Over the past two and a half centuries, the ocean has absorbed approximately 25% of humankind’s carbon dioxide (CO2) emissions, reducing the accumulation of greenhouse gases in the atmosphere and slowing the rate of climate change. While the uptake of CO2 by the ocean reduces the amount of warming the emissions would otherwise cause, it also increases the acidity of seawater, endangering marine organisms and ocean health. Long-term monitoring and scientific analysis of ocean carbon fluxes and inventories is critical for understanding how this important sink for anthropogenic CO2 functions, to determine if ocean uptake of CO2 will keep pace with emissions, and how we can best anticipate, mitigate, and adapt to potential future changes.
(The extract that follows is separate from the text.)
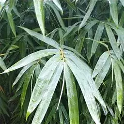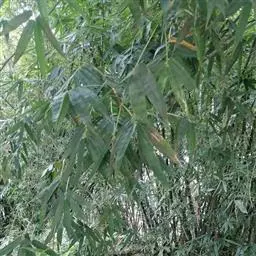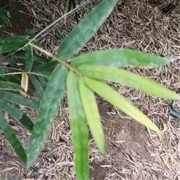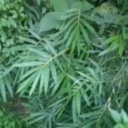 凤尾竹 Raeusch. ex Schult. ’Fernleaf’ R. A. Young)是禾本科,簕竹属孝顺竹的变种。植株较高大,杆高可达6米,竿中空,小枝稍下弯,下部挺直,绿色;竿壁稍薄;节处稍隆起,无毛;叶鞘无毛,纵肋稍隆起,背部具脊;叶耳肾形,边缘具波曲状细长繸毛;叶舌圆拱形,叶片线形,上表面无毛,下表面粉绿而密被短柔毛,小穗含小花,中间小花为两性;外稃两侧稍不对称,长圆状披针形,先端急尖;内稃线形,脊上被短纤毛,花药紫色,子房卵球形,羽毛状。成熟颖果未见。原产中国,华东、华南、西南以至台湾、香港均有栽培。凤尾竹喜温暖、湿润和阳光充足的环境,耐寒。宜土层深厚、肥沃、疏松的微酸性壤土。该种观赏价值较高,宜作庭院丛栽,也可作盆景植物。全草或根入药,味淡、微苦,性寒,有清热利湿、凉血止血、消肿解毒功效,可治痢疾、泄泻等多种病症。凤尾

NOAA’s Global Ocean Carbon Network provides long-term observations of carbon from the sea surface to the ocean interior at a range of spatial and temporal scales. This network helps address the key socioeconomic and scientific questions relating to the fate and impacts of the changing global carbon cycle on society and the environment.

Surface Ocean Carbon
Knowledge of interannual and decadal changes in oceanic CO2 uptake are essential for assessing the feedbacks between climate change and the ocean carbon cycle. The surface ocean pCO2 network  provides information on the role of shorter-term variability on the global carbon system. This network measures the temperature, salinity, and pCO2 in surface water and air from Ships of Opportunity (SOOP), including research and commercial vessels, and autonomous platforms to determine the carbon exchange between the ocean and atmosphere. These observations are used to quantify the amount of atmospheric CO2 sequestered by the ocean on seasonal scales, document changes in the surface ocean carbon chemistry, and evaluate the variability in air-sea fluxes to provide meaningful projections of future atmospheric CO2 levels.

Ocean Interior Carbon
Ship-based hydrography remains the only method for obtaining high-quality, high spatial and vertical resolution measurements of a suite of physical, chemical, and biological parameters over the full water column on a global scale. U.S. GO-SHIP, part of the international GO-SHIP network of sustained hydrographic sections, collects ocean interior carbon measurements to determine changes in anthropogenic CO2 inventories throughout the water column, including at depths greater than two kilometers below the current depth of core Argo floats.